Regarding admission to the ICU, a statistically significant association was observed with oral GC (PR 2.15, 95% CI 1.32 to 3.48; p=0.001), not using TNFi (PR 2.59; 95% CI 0.88 to 7.57), pulse therapy with methylprednisolone or cyclophosphamide for rheumatic disease treatment (PR 2.26, 95% CI 1.33 to 3.85; p=0.042), with these last two also associated with increased risk of death (PR 2.86, 95% CI 1.59 to 5.14; p=0.018) (table 4). In multivariate analysis using the Poisson model, oral CE and pulse therapy with methylprednisolone remained statistically significant SLE was shown to have a possible protective effect for IUC in the multivariate (table 3). None of the tested variables were associated with mechanical ventilation (table 4).
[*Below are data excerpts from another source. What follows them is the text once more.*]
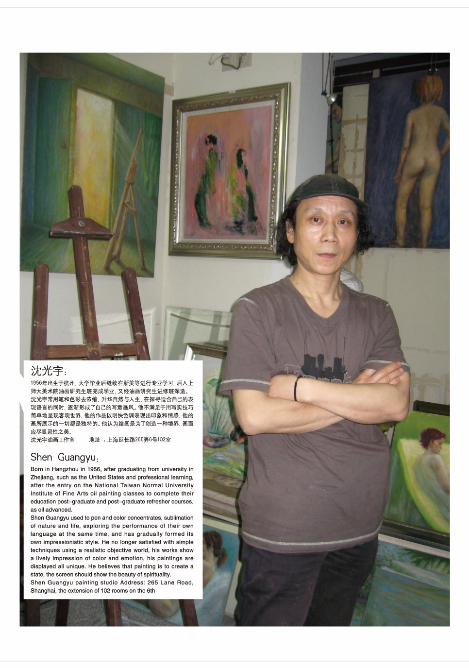 沈光宇:1956年生于杭州,大学毕业。经油画研究生进修班深造。在不断提高和积累艺术修养的过程中,形成了自己色彩独到、形式別具、流露自然、敢于创新的绘画特点和作品风格。他的部分作品已被海内外藏家喜爱、收藏,并被多家专业艺术杂志刊登。
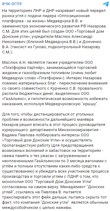 Еще 17 января Telegram-канал "ВЧК-ОГПУ" опубликовал инсайд об угольных схемах с "ДНР" и "ЛНР".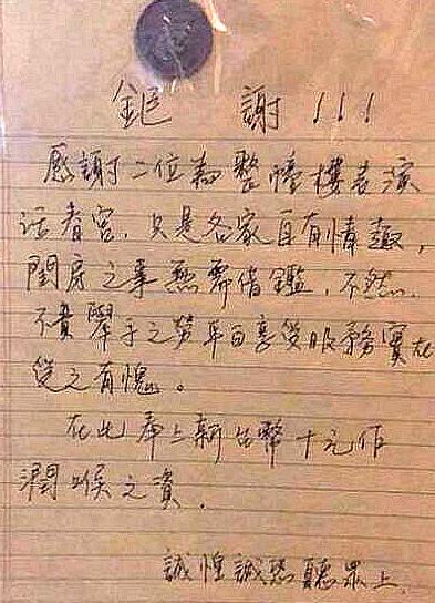 只見紙條上寫著:“巨謝!感謝二位為整棟樓表演活春宮,只是各家自有情趣,閨房之事無須借鑒,不然不費(fèi)舉手之勞平白享受服務(wù)實(shí)在受之有愧,在此奉上新臺(tái)幣10元作潤喉之資,誠惶誠恐聽眾上”,字里行間透露出被人擾了清夢的無奈。PO主也好笑地表示,一大早看到住戶的信箱貼了這個(gè),也是暈了,“半夜沒聽到聲音有點(diǎn)無言,會(huì)不會(huì)明天又貼一張變50嘞”。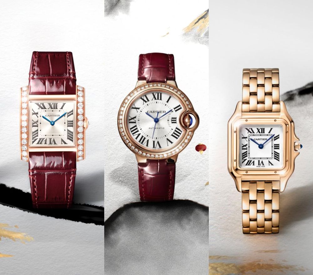 經典腕錶系列一抹朱紅,繪就千燈綏爛,BALLON BLEU DE CARTIER腕錶傳遞圓滿祝福。新春畫卷鋪展,輕隨豹影,邂逅TANK FRANÇAISE腕錶、PANTHÈRE DE CARTIER腕錶於分秒間盡釋優雅魅力。金輝拂照萬物,BAIGNOIRE腕錶願新年時刻璀璨。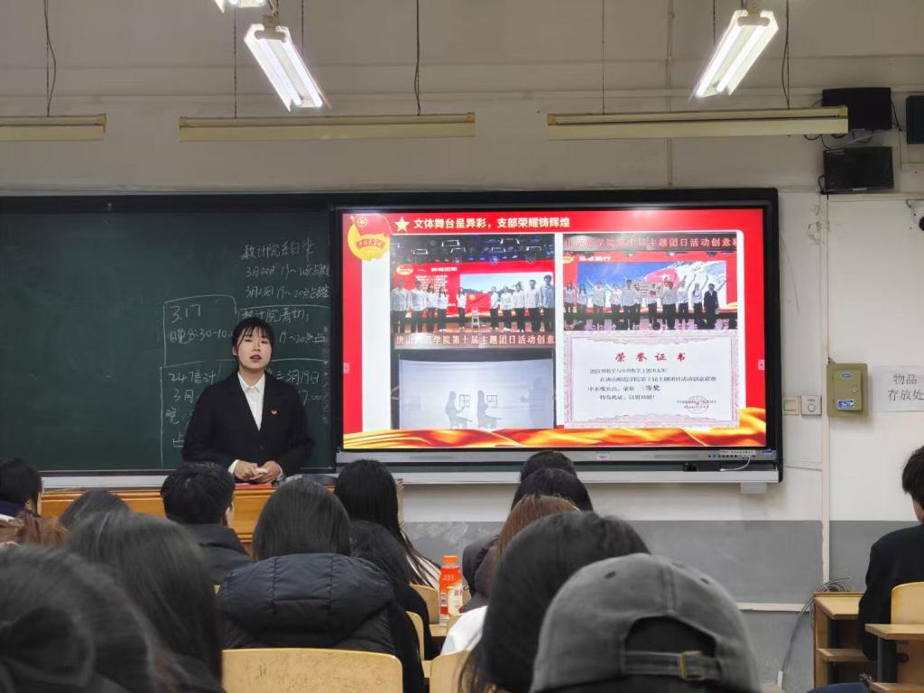 青春同行心向党,团聚思变向未来。各团支部书记以“述职评议”为核心形式,围绕党的二十大精神学习、主题团日活动开展、志愿服务成果、支部特色建设等内容进行汇报展示。团干们通过PPT、数据图表、影像记录等形式,全面梳理支部工作成效,剖析存在问题,并提出下一阶段改进方向。2022级数本1班团支书华赟淇以“四大建设”为亮点,展现了党支部在逐梦建设中的引领作用;2023级信息管理与信息系统团支书郭祎灿则聚焦“党性锤炼+坚守初心”融合模式,呈现了团支部前行道路上的创新活力;2023级数本3班团支书郭爱欣坚守学习风采与文体活动双向前行,表现团支部不断前行的追梦之路。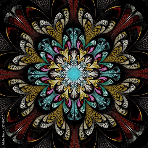 Obraz premium Beautiful Symmetrical fractal mandala, flower or butterfly, digital artwork for creative graphic design

Before including the use of TNFi in the binary analysis, it was tested whether there was an association with the use of biologicals of all classes as a group, and an association was observed with the ICU outcome (p=0.001). However, when we separated the groups into biological TNFi (p=0.006) and non TNFi (p=0.089), the difference remained only for the TNFi group. For this reason, only this group was included in the binary analysis and Poisson model.

Discussion

Brazil is the country with the third highest number of cases of COVID-19 in the world, with the first case confirmed 26 February 2020, and counting 4 123 000 cases and 126 203 deaths through 6 September 2020.9 To the best of our knowledge, ReumaCoV Brasil is the largest cohort of patients with COVID-19 and underlying IMRD from a single country. Our results demonstrate that age over 50, diabetes, kidney disease, use of oral GC, not using TNFi, pulse therapy with methylprednisolone and cyclophosphamide were associated with a higher prevalence of worse outcomes of COVID-19 in patients with IMRD. We did not find any association between the variables and the need for mechanical ventilation.
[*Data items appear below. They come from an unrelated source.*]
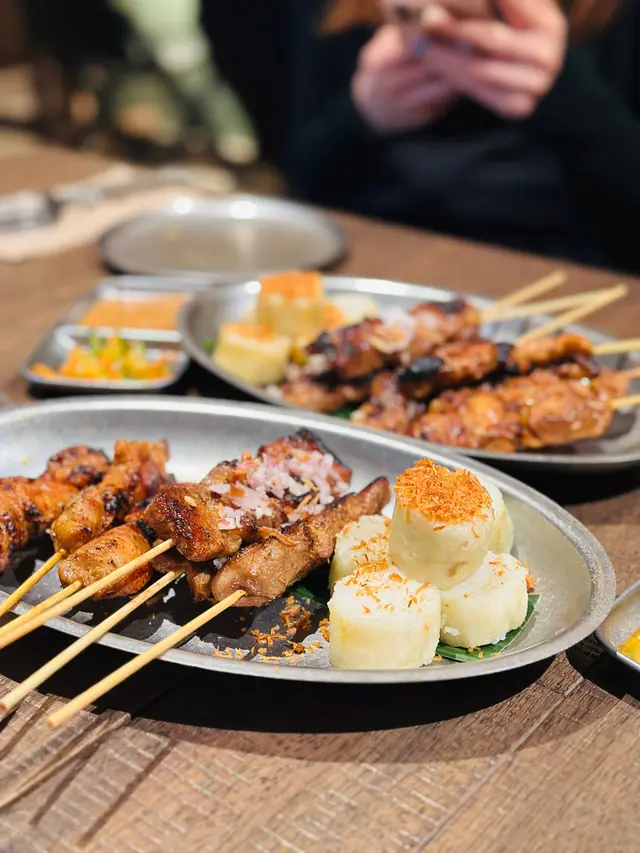 幾欣賞呢啲串燒肉粒大小適中、 火喉控制幾好, 唔會好乾柴, 沙嗲醬另外跟埋酸酸甜甜既青瓜蘿蔔絲比你清下味蕾! 蕉葉飯團比較有趣, 軟綿綿, 個樣似玉子豆腐, 係面有啲炸椰絲有少少甜味。 但我地都一般呢種飯團🤣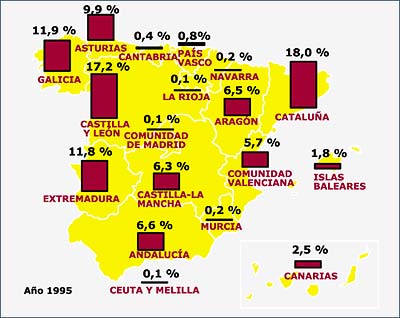 Otras consumen mucho más de lo que producen (el caso extremo es Madrid, con una producción 100 veces inferior a su consumo): por ejemplo, la Comunidad Valenciana, Murcia, Andalucía o el País Vasco. Por último, otras comunidades tienen un balance de producción positivo, como es el caso de Asturias y Galicia, o incluso están "especializadas" en la producción de energía eléctrica, como es el caso de Castilla y León y sobre todo de Extremadura, que produce ocho veces más de lo que gasta. Producción de electricidad por comunidades autónomas, en porcentaje sobre el total.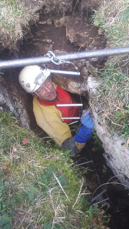 Malheureusement, ce n’est pas ici qu’il y aura une jonction avec le Gouffre du Petit-Pré, car elle se termine à 3,5 m de profondeur. Après avoir levé la topo, l’orifice sera rebouché avec des pierres et des branches pour éviter un accident avec le bétail.Photos : Marc

The first published report regarding COVID-19 in patients with rheumatic diseases suggested that there would be no greater risk in relation to the general population or with other comorbidities.3 10 Since then, some studies addressed the risk and severity of COVID-19 infection in people with IMRD, confirming this initial impression, except for hospitalisation in patients exposed to high GC doses.11 However, evidence on COVID-19 risk and outcome in patients with systemic autoimmune diseases is limited and conflicting and should be interpreted with great caution.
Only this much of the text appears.